▶ [Exercise prompt]: Copy the lines below as they are; omit the images they contain.

▶ [Dataset excerpt]:
^^^^^^^^^^^^^^^^
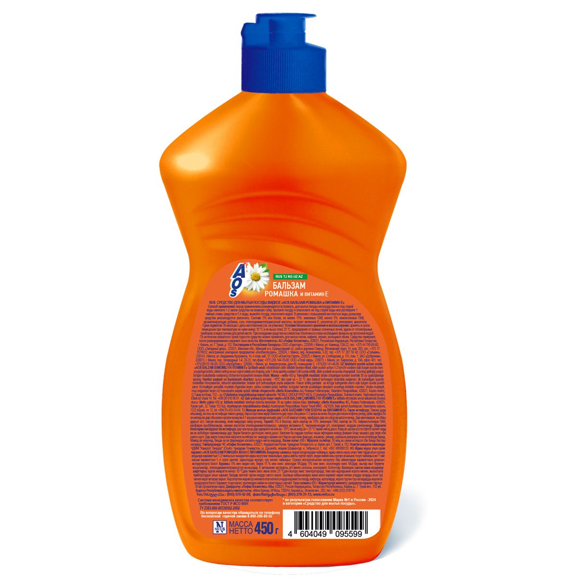 Средство для мытья посуды AOS "Бальзам Ромашка и Витамин Е", 450мл
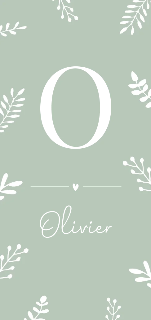 Een langwerpig, enkel geboortekaartje met een initiaal. Het kaartje is op de voorzijde afgewerkt met folie en heeft ronde hoeken.
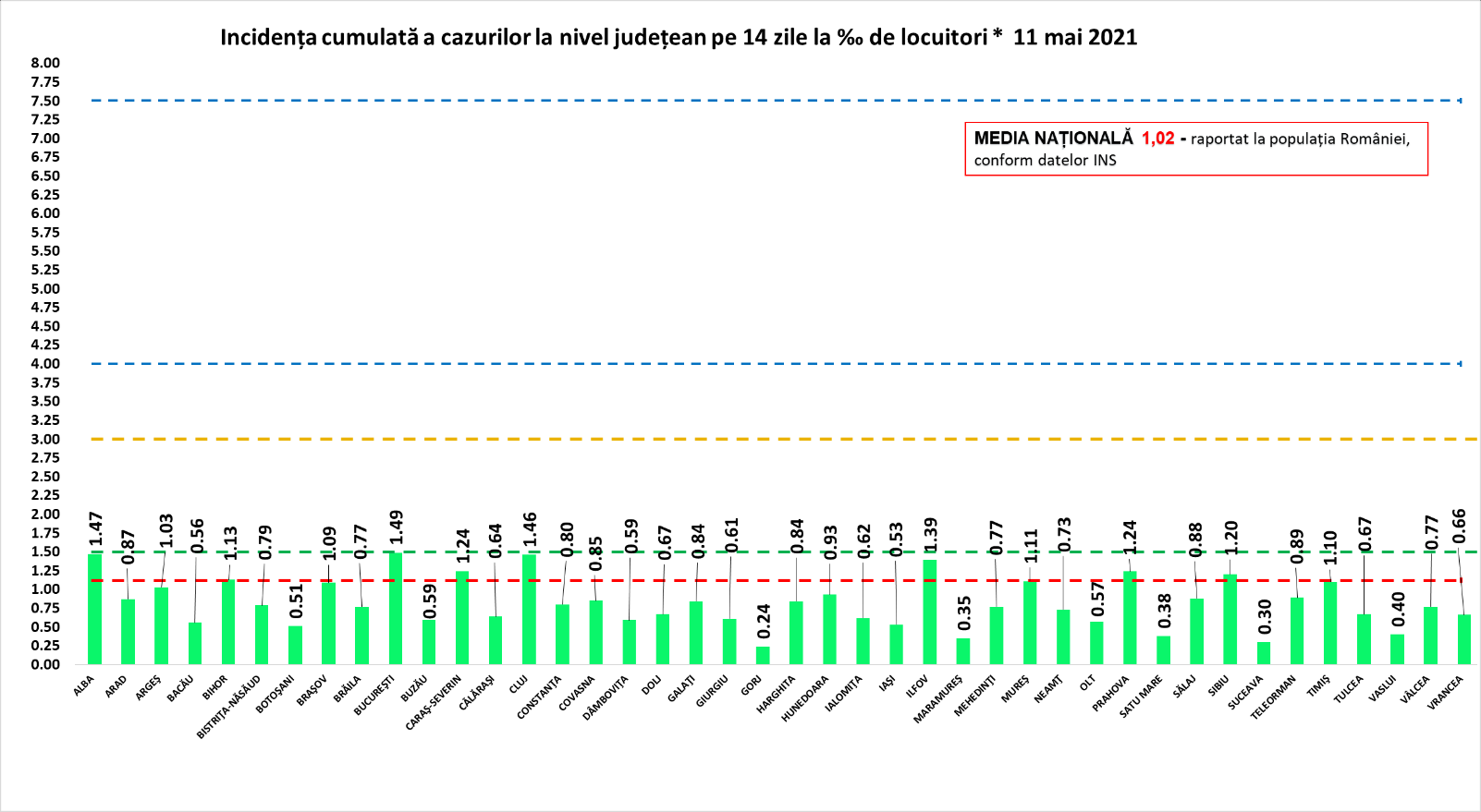 Incidența infecției, în Cluj, e azi de 1,46 cazuri la mia de locuitori, în continuare a doua cea mai ridicată din țară, după Capitală cu 1,49 cazuri la mie. Spre comparație, media națională e azi de 1,02 cazuri la mie.
^^^^^^^^^^^^^^^^
▶ [Written solution]:
 Средство для мытья посуды AOS "Бальзам Ромашка и Витамин Е", 450мл
 Een langwerpig, enkel geboortekaartje met een initiaal. Het kaartje is op de voorzijde afgewerkt met folie en heeft ronde hoeken.
 Incidența infecției, în Cluj, e azi de 1,46 cazuri la mia de locuitori, în continuare a doua cea mai ridicată din țară, după Capitală cu 1,49 cazuri la mie. Spre comparație, media națională e azi de 1,02 cazuri la mie.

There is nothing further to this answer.